The line containing "禽蛋类商品价格微幅盘整。所监" marks the end: extract everything from the first line of the data through that line, exactly, with no pictures.

— DATA EXTRACT —
»»

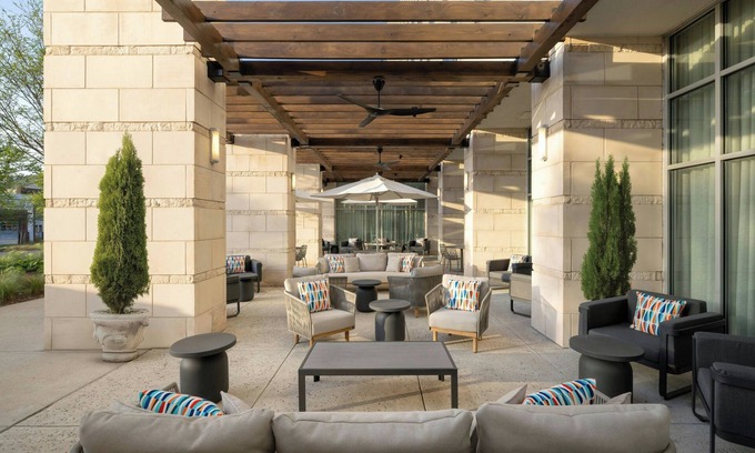 Pet-friendly hotel with an outdoor pool connected to a shopping center in Austin
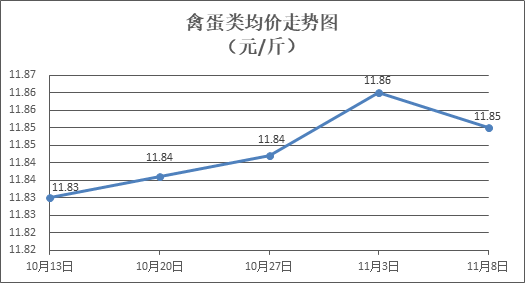 禽蛋类商品价格微幅盘整。所监测的5种禽蛋类商品价格波动情况为3涨2跌,综合零售均价为每斤11.85元,环比下降0.03%。其中:白条鸡、白条鸭零售均价分别为每斤20.46元、15.34元,环比分别上涨0.08%、下降0.11%;鸡蛋、鸭蛋零售均价分别为每斤6.58元、7.71元,环比分别上涨0.46%、下降0.66%。
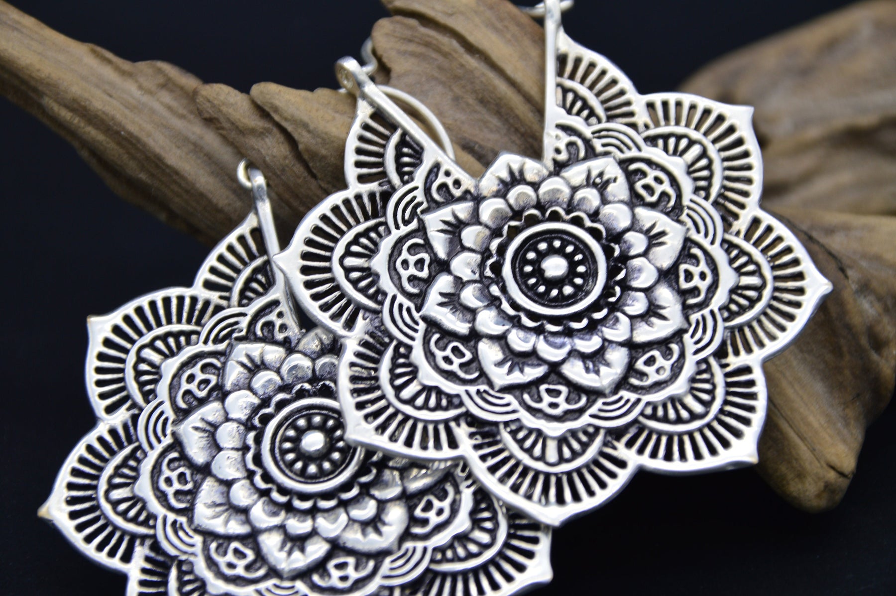 Diese wunderschönen Ohrringe bestehen aus versilbertem Messing. Es wird gleich zweimal mit 925er Sterlingsilber versilbert. Zum Abschluss wird eine klare Beschichtung hinzugefügt, um die Silberfarbe möglichst lange haltbar zu machen.

««

— RESULT OF THE TASK —
 Pet-friendly hotel with an outdoor pool connected to a shopping center in Austin
 禽蛋类商品价格微幅盘整。所监测的5种禽蛋类商品价格波动情况为3涨2跌,综合零售均价为每斤11.85元,环比下降0.03%。其中:白条鸡、白条鸭零售均价分别为每斤20.46元、15.34元,环比分别上涨0.08%、下降0.11%;鸡蛋、鸭蛋零售均价分别为每斤6.58元、7.71元,环比分别上涨0.46%、下降0.66%。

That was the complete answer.